Due to this issue, most of the time I am unable to use the e-gates. When the officers stop me, they take me to the waiting area and conduct checks for approximately 30-40 minutes to ensure everything is in order. Every time this happens, they come back and tell me I am good to go, but they do not know why they saw what they saw on the screen.

I have tried to reach out to Border Force via their complaints line, but they refuse to acknowledge that this issue is due to a wrong record. They respond by saying "Our officers have the right to do any checks they need to do their job," which I understand and expect from a border officer. However, the fact that they are doing this due to a wrong record is a waste of time for everyone.

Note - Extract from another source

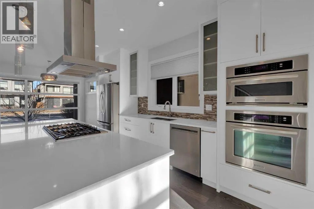 Welcome to Richmond/Knob Hill! This beautifully finished home offers 4 bedrooms, 3.5 bathrooms, a thoughtful layout, and a fully developed basementâtruly a standout property. The bright, open-concept main floor features 9-foot ceilings, hardwood floors, and oversized windows that fill the space with natural light. The tiled front entry includes a spacious closet with French doors and custom organizers (no wire shelving in this house!), leading into a generous living room perfect for entertaining or settling in for a movie night. The chef-inspired kitchen boasts quartz countertops, a large island, ceiling-height cabinetry, a gas cooktop, built-in wall oven and microwave, and a pantry with custom shelving. It flows seamlessly into the dining area, which comfortably seats eight and is anchored by a gas fireplace with built-ins and a south-facing window. A discreetly positioned 2-piece powder room and a mud room with French door closet and additional built-ins complete the main level. Upstairs, an extra-wide staircase and skylight create an inviting transition to the second floor, where youâll find 9-foot ceilings and an ideal layout. The private primary suite overlooks the backyard and includes a spacious 5-piece ensuite with dual vanities, a deep soaker tub, an oversized shower, and a dreamy walk-in closet with extensive built-ins. Two additional large bedrooms sit at the opposite end of the home, each with built-in closets, large windows, and a shared balcony complete with soffit lighting. A 4-piece bathroom with quartz countertop and a dedicated laundry room with soft-close cabinetry complete this level. The basement feels anything but below-grade, thanks to large windows and cozy in-floor heat. The rec room offers a great space for family time and includes a well-appointed wet bar. A fourth bedroom with two windows and a huge walk-in closet sits next to a full 4-piece bathroom. Additional highlights include a linen closet, ample storage, and an exceptionally tidy u tility room. Outside, the sunny south facing backyard features a lovely deck and leads to a detached double garage (insulated and drywalled). *LOCATION - 5 minute walk to Richmond Elementary, 3 kms to Mount Royal University, 10 blocks to Marda Loop, easy access to all major commuter routes and only a 10 minute drive into downtown. *BONUS - central vac rough-in, sump pump, freshly painted, professionally cleaned and move-in ready! (id:27476)

I also reached out to my MP and received a response from the MP's Correspondence email. After asking for some information, they told me they cannot understand the exact nature of my email, even though the email clearly asks: "Is there any record of refusal to entry with my Turkish passport, and if so, what can we do to fix it?"

This issue causes great disruption to my travels, especially when traveling with my family. Leaving my wife and son to handle all the luggage while I am being checked is not ideal. There is also a risk of missing my connecting flight due to these random delays.

At this point, I am running out of options, and suing the Home Office seems to be the only way to correct this issue. It is frustrating to be stopped for an extended period, have my passport taken, and then be told I am okay to go.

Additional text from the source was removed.